Bensend serves on the Wisconsin Soybean Marketing Board, and said the key is to create new opportunities.

“We clearly have to build other markets, and I think the biofuels thing is a perfect example of that,” he said.

The federal government sets the amount of biofuels that must be blended into the nation’s fuel mix, and an increase could create domestic demand for soybeans. That would lead to a new soybean crushing facility being built in Evansville.

CHS has already purchased land and has permitting in place to build an $800 million dollar facility that could process 70 million bushels of soybeans a year for their oil.

“If we had this market right here, that would help our prices because,” Rebout said, “all those shipping or transportation costs are, well a lot of them would be eliminated.”

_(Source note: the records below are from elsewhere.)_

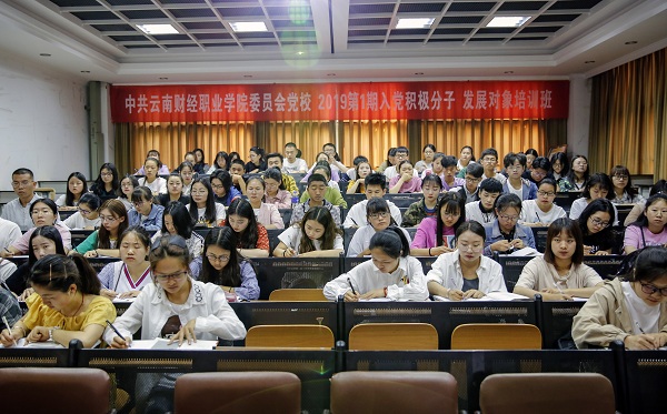 为贯彻落实中组部《中国共产党党员发展工作细则》,进一步规范党员发展工作,推进“两学一做”学习教育常态化制度化走向深入,按照《党章》、《发展党员工作细则》、《新形势下党内政治生活若干准则》及入党积极分子的确定和培养教育要求,2018年4月23日上午,中共云南财经职业学院委员会党校2019年第1期入党积极分子发展对象培训班开班。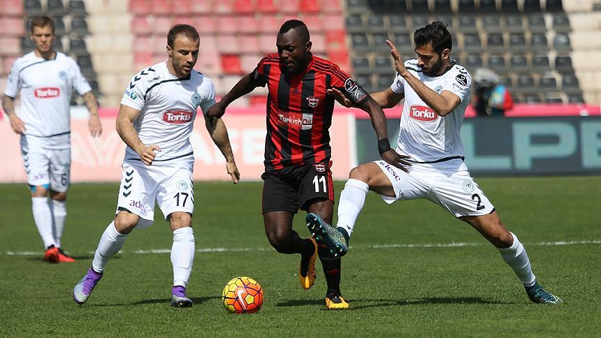 Spor Toto Süper Lig'in 25. haftasındaki Gaziantepspor-Torku Konyaspor maçının ilk yarısı konuk ekibin 1-0 üstünlüğüyle sona erdi.
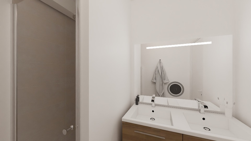 Conçue de plain-pied, elle dispose de trois chambres, d'une cuisine et de deux salles de bains.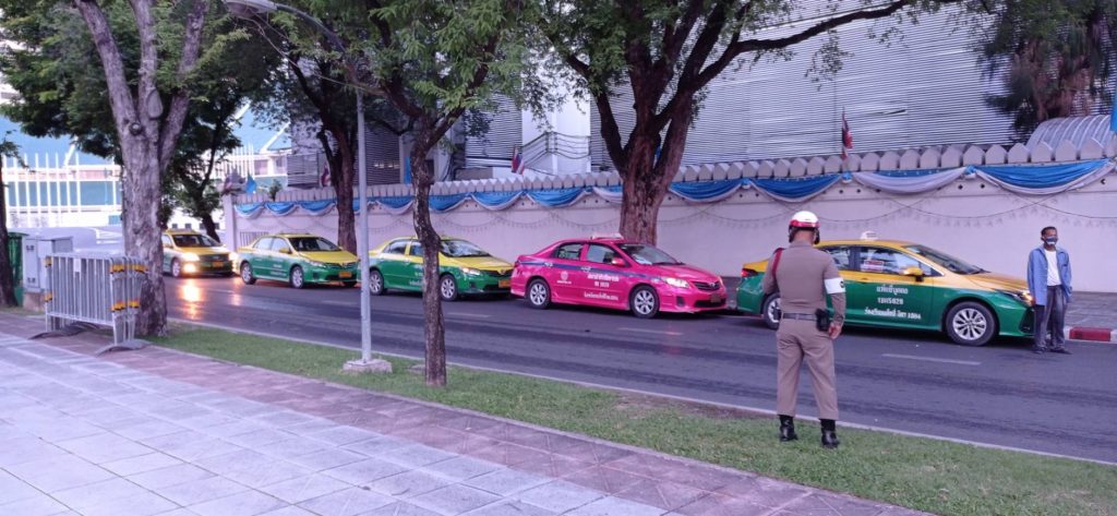 ผู้สื่อข่าวรายงานว่า ในวันนี้ (8 ก.ย. 2563) เวลาประมาณ 09.00 น. สมาคมวิชาชีพผู้ขับขี่รถยนต์สาธารณะแท็กซี่นัดรวมพลคนขับรถแท็กซี่, ผู้ประกอบการอู่แท็กซี่ และสหกรณ์แท็กซี่ทุกกลุ่มที่บริเวณหน้ากระทรวงคมนาคมและทำเนียบรัฐบาล นำโดยนายวรพล แกมขุนทด นายกสมาคมฯ ทั้งนี้ เพื่อเรียกร้องและรอคำตอบจากพลเอกประยุทธ์ จันทร์โอชา นายกรัฐมนตรี โดยในการนัดรวมพลดังกล่าว ทางสมาคมฯ ได้ทำหนังสือถึงผู้กำกับสถานีตำรวจนครบาลนางเลิ้ง เพื่อขอใช้พื้นที่บริเวณถนนราชดำเนินนอก (หน้ากระทรวงคมนาคม) และบริเวณหน้าทำเนียบรัฐบาล ตั้งแต่เวลา 06.00 น.

Evansville City Administrator Jason Sergeant said there’s a signed contract with CHS to start construction on a large plot of land in the summer of 2026. The southern Wisconsin city government is just waiting for CHS to confirm it will happen.

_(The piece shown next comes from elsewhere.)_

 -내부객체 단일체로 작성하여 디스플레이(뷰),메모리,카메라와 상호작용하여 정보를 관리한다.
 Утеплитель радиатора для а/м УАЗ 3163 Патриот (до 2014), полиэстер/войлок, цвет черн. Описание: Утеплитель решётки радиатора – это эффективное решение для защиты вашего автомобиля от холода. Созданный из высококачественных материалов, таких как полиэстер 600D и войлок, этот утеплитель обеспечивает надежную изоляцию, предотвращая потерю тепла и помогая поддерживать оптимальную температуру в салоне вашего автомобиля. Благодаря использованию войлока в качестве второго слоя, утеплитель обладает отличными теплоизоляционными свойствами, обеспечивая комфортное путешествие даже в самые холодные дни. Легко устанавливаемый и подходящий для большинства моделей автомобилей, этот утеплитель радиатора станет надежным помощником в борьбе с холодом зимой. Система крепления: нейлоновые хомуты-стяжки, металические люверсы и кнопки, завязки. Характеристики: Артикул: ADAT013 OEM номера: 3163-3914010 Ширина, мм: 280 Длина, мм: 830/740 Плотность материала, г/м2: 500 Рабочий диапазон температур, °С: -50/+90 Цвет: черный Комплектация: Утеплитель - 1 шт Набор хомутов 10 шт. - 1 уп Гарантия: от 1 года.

“We have those dates in our contract, and they’re just obligated to kind of tell us when they’ve got to that next mile post,” Sergeant said.

In a statement, a spokesperson for the company said, “CHS is further analyzing the market and biofuel policies to make sure the right mechanisms are in place to support executing further on the investment.”

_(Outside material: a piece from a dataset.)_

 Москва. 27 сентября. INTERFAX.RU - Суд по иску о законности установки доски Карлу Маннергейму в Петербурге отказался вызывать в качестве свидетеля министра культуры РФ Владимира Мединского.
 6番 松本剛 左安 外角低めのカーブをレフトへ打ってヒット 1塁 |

Even if the CHS plan goes forward, the plant wouldn’t come online for a few years, leaving Wisconsin farmers with 100 million bushels of beans in the fall 2025 harvest and no good place to sell them.

“You know, you leave your farm to your children, and before I came along, they’d go out, they’d have to borrow money,” Trump said at a campaign rally in Waunakee on Oct 1, 2024.

Even though Trump started this trade war, Bensend and Rebout aren’t sure if this will change how farmers think about him.

“By and large, Trump is a free-market person. However, he’s become a little bit protectionist with this tariff approach, and I think, I think we’re concerned. I think we’re very concerned, because it’s affecting our livelihoods,” said Bensend.

“You go talk to farmers — there are some farmers that love him, some farmers that hate him, and some farmers that are a little less optimistic now,” said Rebout.

Combining soybeans is a dusty business, but when the dust settles from this harvest, Wisconsin farmers will be on the losing end of an international trade war. The impact will be felt all across the state.

“So to think that it’s just a farmer’s problem is shortsighted. Agriculture is still the basis of our economy in so many ways, especially here in Wisconsin,” Bensend said.

“It’s not just impacting us,” Rebout said. “You know, it’s impacting our local communities, because like I said, when we have those bad years and we’re not spending that money, the local businesses aren’t getting the money.”